La Beauté en Afrique du Sud : innovation, durabilité et adaptation locale

Des chiffres de croissance entre 5 et 10 %

Car l’Afrique du Sud, première économie du continent africain et marché de 64 millions d’habitants (dont 16 millions dans la classe moyenne), ne cesse de s’enthousiasmer pour l’innovation cosmétique et la durabilité. Les chiffres de croissance en témoignent : si le marché global des cosmétiques et des soins est appelé à grossir de 5,91 % par an entre 2025 et 2030, le segment haut de gamme devrait enregistrer 6,85 % de croissance et celui des alternatives naturelles et biologiques 7,04 %[1]. Un boost sectoriel tiré par un contexte économique favorable depuis l’arrivée au pouvoir de la coalition pro-business ANC-DA, et par une structure sociale très inégalitaire qui renchérit le pouvoir d’achat des classes les plus aisées – l’Afrique du Sud est le pays qui détient le plus haut score mondial sur l’indice de Gini, avec 63 sur une échelle de 100. « Pour ceux qui appartiennent aux premiers déciles et à la classe moyenne supérieure, les signes extérieurs sont importants… d’où un intérêt fort pour les cosmétiques, y compris chez les hommes, explique Clarisse Henrion, responsable du département Art de Vivre au sein du bureau Business France de Johannesburg. Mais il faut comprendre également l’ADN très innovant des Sud-africains dont la curiosité les pousse vers des niches de marché et des produits à forte personnalité ».
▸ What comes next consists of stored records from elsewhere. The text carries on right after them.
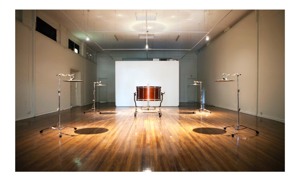
Tim Bruniges | DRUM ROOM (2013) | bass drum, cymbals, 5.1 sound | infinite duration | installation view Kudos Sydney
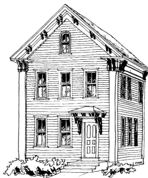
ITALIANATE (Vernacular) 1865-1895
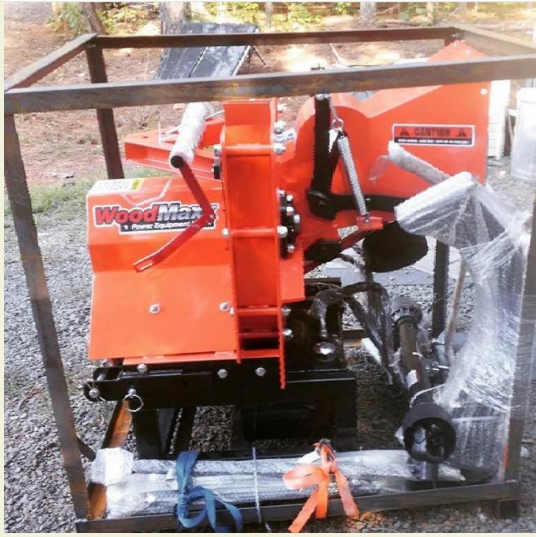
New chipper at Heart & Bones Hollow
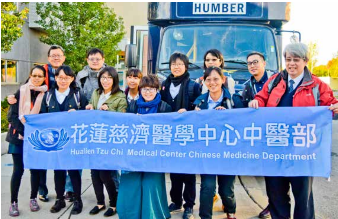
Hualien Tzu Chi Hospital and Kuanshan Tzu Chi Hospital TCM doctors deliver their clinical report and themed poster exhibition.

of the TCM clinic inside the campus, which would be managed and operated by Tzu Chi Canada, had just begun. The Tzu Chi Clinic of Traditional Chinese Medicine in Canada will continue to work closely with Humber College to develop a comprehensive TCM program that would serve as a foundation for TCM-oriented TIMA Canada, and to promote and integrate TCM into the system of Western Medicine, while simultaneously provide health care to underprivileged communities such as the aboriginals, new immigrants, and low income families in the spirit of human-oriented medicine and selfless love.
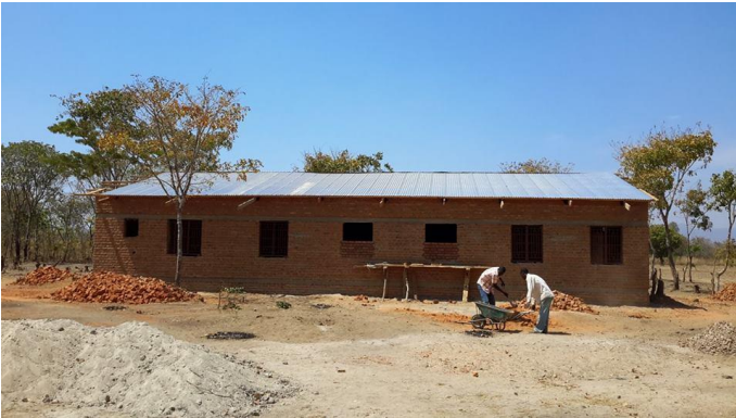
Back side of clinic
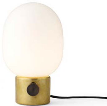
Mirror Polished Brass 1800839
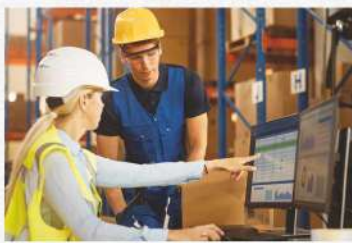
Material Handling, Packaging & Containerisation
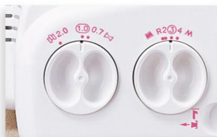
Differential and stitch length knobs
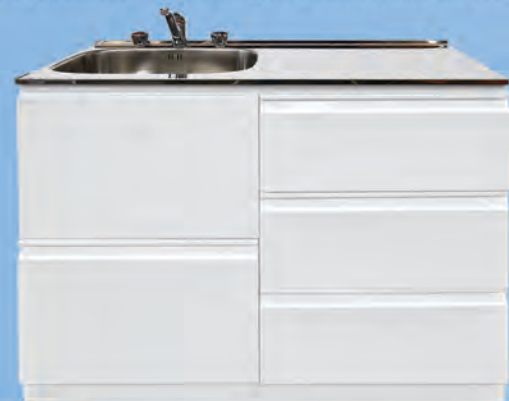
PLC1120 DISSCO Std. 40 mm kitchen mixer and LH basin PLC1120RH DISSCO Std. 40 mm kitchen mixer and RH basin
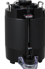
TF SERVER, 1.5G/5.7L MECH BLK NOBASE
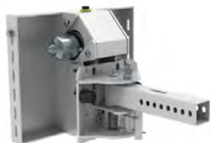
Electric controlled tilting arm ZG60.021.730
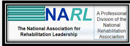
NATIONAL ASSOCIATION FOR REHABILITATION LEADERSHIP (NARL)
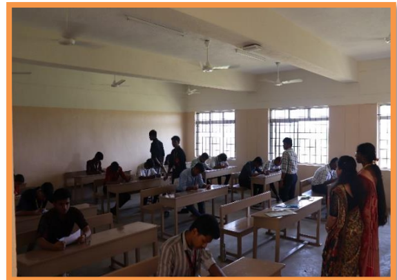
Dumb Bugs – Debugging
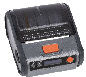
Option: wireless printer used to print the measurement results on site. Perfect solution for quick audits.
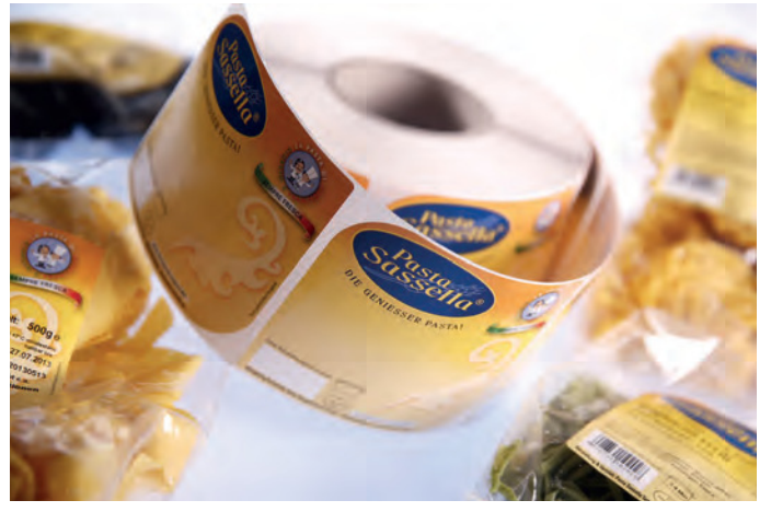
Self-adhesive shape-punched label for pasta
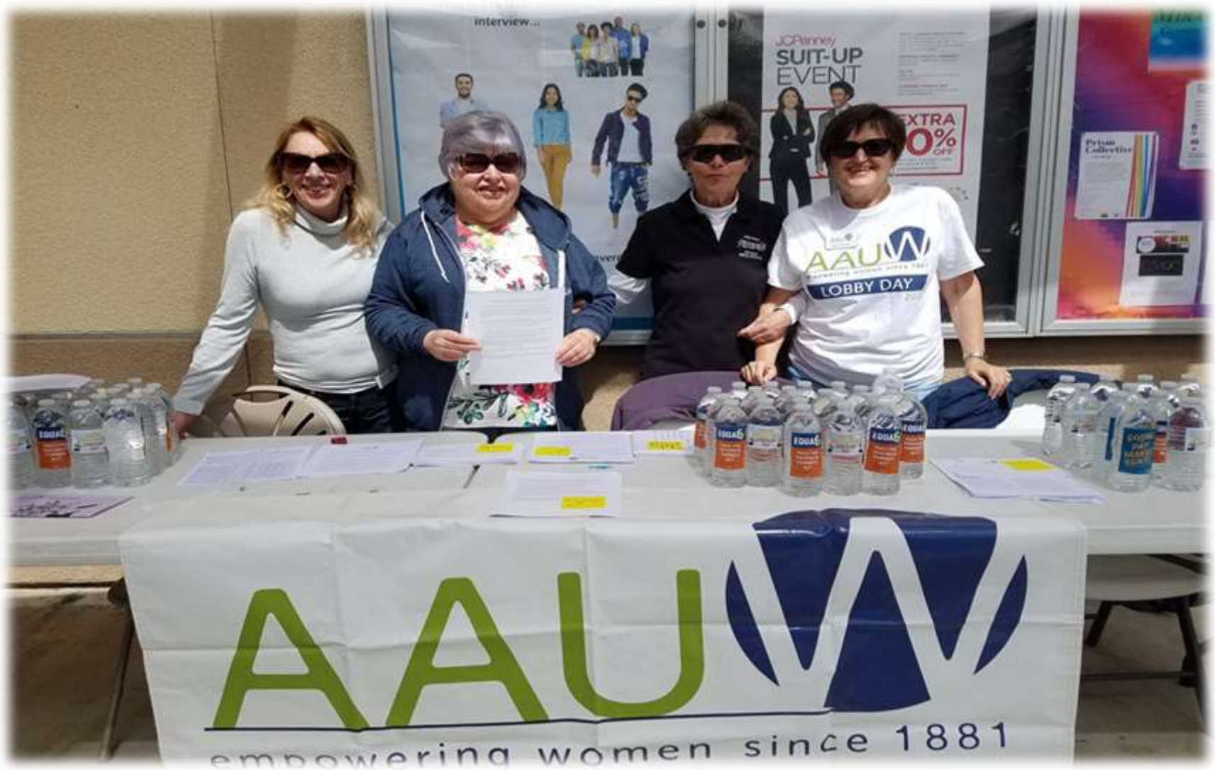
Members from COV Public Policy Committee table at Mira Costa College for Equal Pay Day

 Une cosmétique spécialisée sur les attentes locales

Formulation artisanale, composition vegane et naturelle, ingrédients locaux (rooibos, marula, aloe vera…), intégration de technologies et, surtout, adaptation du produit aux caractéristiques physiologiques de la population font partie des recettes-clés du succès. En 2016, le géant L’Oréal l’avait déjà compris en installant à Johannesburg un centre de recherche dédié aux spécificités de la peau et du cheveu africains.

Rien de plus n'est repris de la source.